Stored data:

[Start of Attachment]

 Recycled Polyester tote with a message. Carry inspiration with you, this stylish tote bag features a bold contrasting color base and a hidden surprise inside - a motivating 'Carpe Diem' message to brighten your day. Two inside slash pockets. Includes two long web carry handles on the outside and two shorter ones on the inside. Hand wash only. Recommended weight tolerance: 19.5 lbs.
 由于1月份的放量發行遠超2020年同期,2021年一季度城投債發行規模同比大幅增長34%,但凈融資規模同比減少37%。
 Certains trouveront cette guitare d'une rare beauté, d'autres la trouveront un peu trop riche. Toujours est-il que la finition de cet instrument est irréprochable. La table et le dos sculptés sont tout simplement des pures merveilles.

[End of Attachment]
[Start of Attachment]

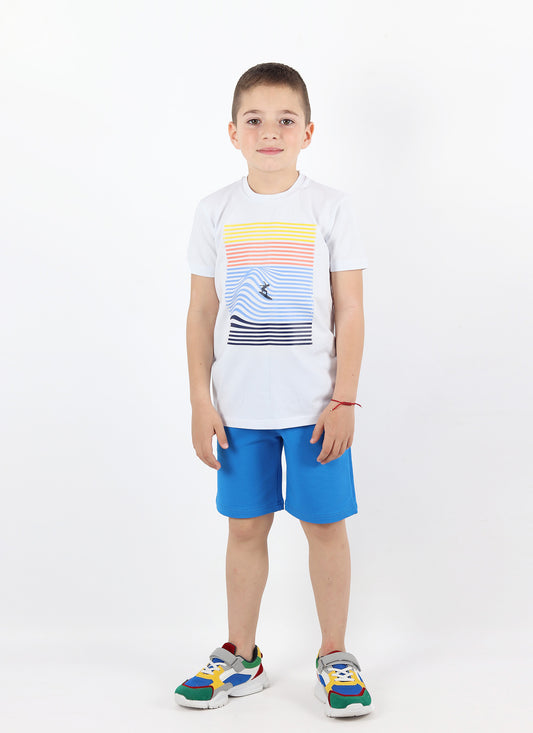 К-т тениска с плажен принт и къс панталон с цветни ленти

[End of Attachment]

Task details:
Going back to the entries above, set down exactly the lines that begin at the one with "Recycled Polyester tote" and end at the one with "Certains trouveront cette", both included, and nothing else.

Written answer:
 Recycled Polyester tote with a message. Carry inspiration with you, this stylish tote bag features a bold contrasting color base and a hidden surprise inside - a motivating 'Carpe Diem' message to brighten your day. Two inside slash pockets. Includes two long web carry handles on the outside and two shorter ones on the inside. Hand wash only. Recommended weight tolerance: 19.5 lbs.
 由于1月份的放量發行遠超2020年同期,2021年一季度城投債發行規模同比大幅增長34%,但凈融資規模同比減少37%。
 Certains trouveront cette guitare d'une rare beauté, d'autres la trouveront un peu trop riche. Toujours est-il que la finition de cet instrument est irréprochable. La table et le dos sculptés sont tout simplement des pures merveilles.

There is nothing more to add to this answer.